One of the most striking properties of many mimetic species is the spectacularly diverse array of forms (morphs) produced. One of the challenges in understanding the origin and evolution of such systems is to explain how such diversity can arise and be maintained, particularly when the various forms are near-perfect mimics of many different animals.

In Batesian mimicry a non-defended (edible) species gains protection by copying one or more defended (inedible, toxic or bad-tasting) species. This is only effective if there is a strong likeness between model and mimic. The mimic is parasitic on the model(s) because the presence of the mimic causes the model’s warning colours to be less effective, so if predators encounter and eat one of the mimics, they will associate the bright colours with edibility, not with toxicity.

The advantage gained by mimicry is related to the proportions of model and mimic – the more mimics there are, the higher the chance that predators will not quickly learn that the colour pattern is a warning and the greater the number of individuals (of both species) which will be lost to predation.

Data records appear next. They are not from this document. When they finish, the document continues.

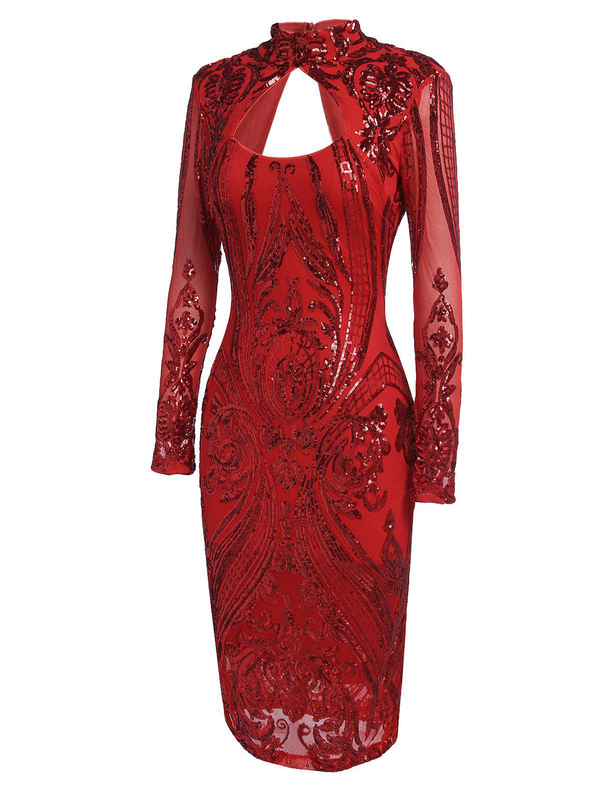 Shimmy some sparkle into your life, dear! With a classic mandarin collar, this angelic frock is complete with long fringe and a sultry front keyhole. This striking flapper dress from Retro Stage shimmers with sequins throughout a vintage flapper silhouette.
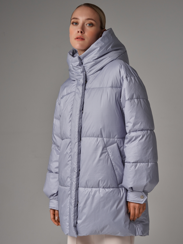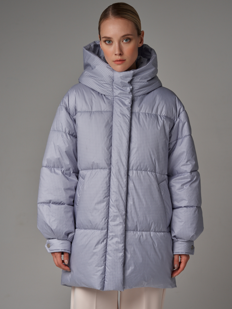 Пуховик oversize силуэта. В изделии есть внутренняя утяжка по низу. Рукав со спущенным плечом. По низу рукавов заложены складки и имеются манжеты с отделочными кнопками. Застежка на молнию, скрытую под планкой на потайных кнопках. В изделии имеются два функциональных кармана с листочками на магнитах и один внутренний карман. Ткань - плащевая с водоотталкивающей пропиткой. Утепление - Био-пух, 200 гр. Рекомендуемый температурный режим (от 0°C до -15°C). Длина изделия - 85 см. Длина рукава - 64 см.
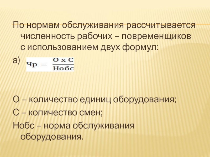 Слайд 43По нормам обслуживания рассчитывается численность рабочих – повременщиков с использованием
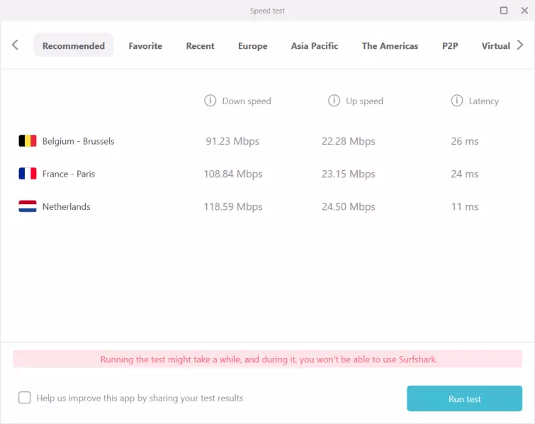 Surfshark also offers an in-app speed test which allows you to either choose from a pre-populated list or create a list of your favorite servers, and then run a quick Speed Test on them to give you accurate and up-to-date information on which server is right for you. It might be that you're prioritizing latency while you're playing an online game or taking a voice call, or you might need maximum download for that hefty 4k video you're streaming. Whatever your use case, Surfshark's Speed Test gives you current connection information with absolutely no technical skills needed whatsoever, and all in an easy-to-read layout.

We therefore expect selection in favour of evolving polymorphism (multiple colour patterns) in species which are Batesian mimics to spread the ‘cost’ of mimicry across many different models. Many Batesian mimetic butterflies are highly polymorphic with diverse arrays of different wing patterns.

Polymorphisms like this are very obvious, but polymorphism is much more widespread that you might think – examples such as the human blood groups are examples of exactly the same phenomenon. This makes the study of these butterfly wing patterns very important for helping us to understand the evolutionary biology of lots of different systems.